Among the other announcements today, there will be a further $8.3 million in business grants to help those sectors which are not yet allowed to reopen, including gyms, dance studios and amusement parks.
The government will also make QR check-in compulsory at all workplaces “with very limited exceptions”.
“Previously, it’s only been mandatory for customer-facing businesses, but through this outbreak we have seen a number of cases occur in office settings so we want to take the next step on this,” Mr Merlino said.
The mandatory workplace QR check-in is expected to be introduced from Thursday next week.
Victoria’s Chief Health Officer Brett Sutton said it was important to get back to zero cases.
“This started with one case in Wollert that has led to almost 100 cases over a period of a few weeks,” he said.
“So we absolutely have to drive back down to zero. That’s been the national strategy for a reason. It’s what allows our travel bubble, it’s what allows our internal borders to be open again.”
Lifting restrictions the right move, experts say
La Trobe University epidemiologist Hassan Vally said barring any surprises in daily case numbers, lifting restrictions was the right call.
“And unless there’s a spanner in the works, I think the health authorities should feel very confident about relaxing restrictions,” he said.
It’s the fourth lockdown for the state, and so the fourth time a path to eased restrictions is being plotted.
“The standard playbook is to relax restrictions in a very cautious way,” Dr Vally said.

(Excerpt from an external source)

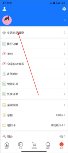 2、在我的页面中找到生活自动缴费。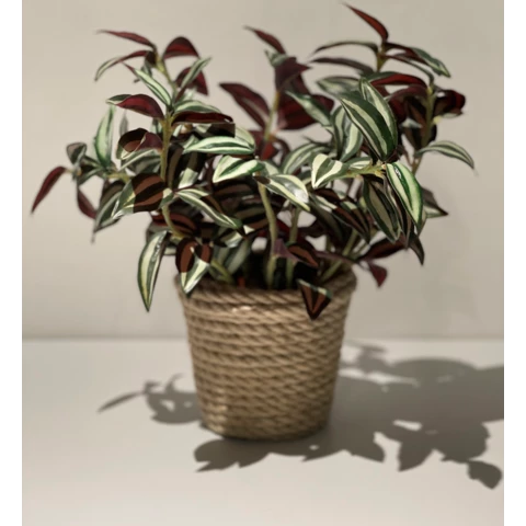 Искусственное растение "Традесканция" в джутовом кашпо Растение: По рендеру или аналог Количество: 2 куста Кашпо: Натуральный джут, пластик Д12 или по запросу Размеры общие: В 27 Ш 25

After the five-day snap lockdown in February, schools reopened, workplaces returned to 50 per cent capacity and gathering caps were slightly lifted.
It took until a month later for the state to move to the fully “COVID-normal” settings.
Monash University’s Dr James Trauer said the “gamble” of incrementally opening up before community elimination paid off in 2020, and would likely pay off again.
“I think we’ll have to do what we did last time round, which is to maintain some restrictions for several weeks,” he said.
The chief executive of the Victorian Tourism Industry Council, Felicia Mariani, said the 25-kilometre travel bubble set to be imposed on Melburnians would be another blow to businesses in regional Victoria.
“For regional travel, 80 per cent of the visitation to our regional areas actually comes from people living in the Greater Melbourne area,” she told ABC Radio Melbourne.
“From a tourism point of view, when you shut down Greater Melbourne you really turn off the tap for the visitor economy in the whole state.”
Investigations continue into Delta outbreak
Health authorities have not yet determined how the Delta strain of the virus moved from a man in hotel quarantine into the community.
Genomic testing had traced the outbreak to a man who arrived in Melbourne from Sri Lanka in May, but Professor Sutton said no breaches of quarantine protocol had been identified.
“But something’s happened and we need to try and get to that as much as possible, not just to see if there are close contacts that we need to run down now, but for any lessons around finding those gaps and those tiny improvements that might be made into the future,” he said.
Responding to a question about the number of hotel quarantine breaches in Victoria, compared to other jurisdictions, Professor Sutton said hotel quarantine was “not a perfect system”.
“It is still probably the most powerful and positive public health intervention that Australia could have made back in March last year,” he said.
“It has gotten us to that state of community transmission that has made a world of difference on the global scale in terms of how we’ve managed to open up in Australia and how we’ve managed to protect so many Australians from long COVID, from dying.”
There are more than 1,100 primary close contacts linked to the West Melbourne cluster of cases, which involves the Delta variant.